Janel came over and put an arm around my shoulders. “You okay?”

I gave her a smile I knew was probably far too thin and weak to ever be taken as sincere. “I’ll be fine. He was a friend. This … Oh, this hurts.”

“Yes, that was the whole point,” she said bitterly. “And it’s my fault.”

“Janel, it’s not—”

“Xaltorath didn’t do this to Jarith to hurt you,” Janel whispered. “Don’t pretend otherwise.”1

We both took a moment to stare at the raging demon. Teraeth walked up then and sat down next to me, legs touching. He didn’t say a word. He just wanted me to know he was there. I set my hand on his leg.

I checked to make sure Galen wasn’t in hearing range. “Can he be cured?”

“I was,” Janel said, “but I was much younger when it happened, and I had Relos Var as my own personal mind physicker.” She took a deep breath. “Jarith hasn’t forgotten, you realize. I’ll tell you that right now. Nobody forgets. But Xaltorath has almost certainly locked those memories behind associations so painful Jarith’s mind is refusing to go anywhere near them. You can’t blame a person for not wanting to put their hand in a fire after they’ve been badly—” She paused and blinked. A funny look came over her face as her eyes slowly took in the scene in front of her. She looked around as if she hadn’t realized where we were. “Burned,” Janel finished, so softly I only heard her because I was right there.

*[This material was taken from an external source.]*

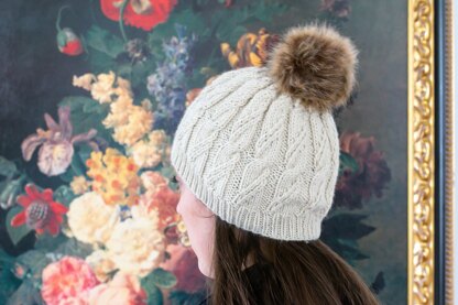 This cable knit hat pattern has a delightful texture due to its twists and cables. The sewn-on pom finishes it perfectly.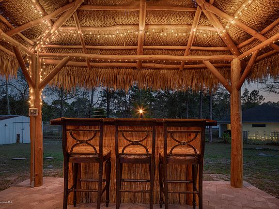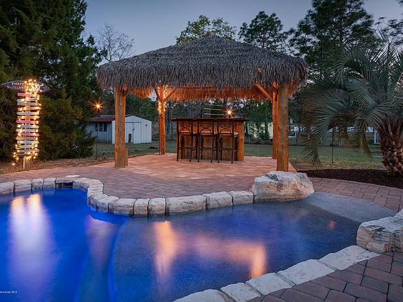 Resort style tropical oasis right in your own backyard! Stunning 3/2/2 contemporary home sits on over an acre in The Royal Highlands with no build behind. Incredible outdoor space is sure to please, featuring a fabulous walk in lagoon pool with 6 ft waterfall,lounging deck and slide. Soak up the sun and relax in the sandy beach area or cool off in the sparkling clean, refreshing water. Entertaining is a breeze at the custom built pool side tiki bar or gathering around the fire-pit stargazing on those cooler evenings. Beyond the pool area to the rear of the property are large cypress trees which act as a natural repellent keeping the mosquito's away while you play. All within a fully fenced yard. Interior is just as nice! Walk through the front double door entry, notice how crisp & clean. Vaulted ceilings recently retextured, walls freshly painted, truly a move in ready home. Huge windows allow natural light to pour in and shine on the beautiful new tile plank flooring throughout. Updated kitchen with granite counter tops, nearly new stainless steel appliances still under warranty. Enjoy meals at the kitchen nook, the breakfast bar or the formal dining area. Large pantry and inside laundry room with new washer & dryer. Master bedroom suite has double sinks, garden tub, separate shower, and a large walk in designer closet with built ins. Master bedroom and living room have sliders to the large screened in porch with great view of the pool. 2nd bath also functions as pool bath so no wet feet though the house. No HOA to get in the way. Bring the toys & enjoy Florida Living

“Are you all right?” Teraeth asked her.

She pulled herself up, but her eyes were shiny bright. “Fine. Just—” Janel glanced at me. “I think … I think Vol Karoth’s doing something similar. Separating out the memories too painful for him to face. That’s what the gray spaces are.” A flash of heartbreak seared across her eyes, a low and torturous piece of agony and grief. Whatever she’d just remembered, it had been bad; Jarith halted his tantrum as if Janel had started screaming and stared in her direction.

She had to be thinking about C’indrol, about S’arric. It had never really occurred to me how much this must be like … I didn’t know. Being a widow, I supposed, walking through the corpse of your memories of the man you once loved. Still loved.

Janel stood, suddenly. “Jarith, enough!” she shouted. “You’ve had your fun. Now it’s time to find your wife.”


“You’ve got to be joking,” Teraeth said.

I exhaled as I took in the scene in front of us. “Yeah,” I said. “Agreed.”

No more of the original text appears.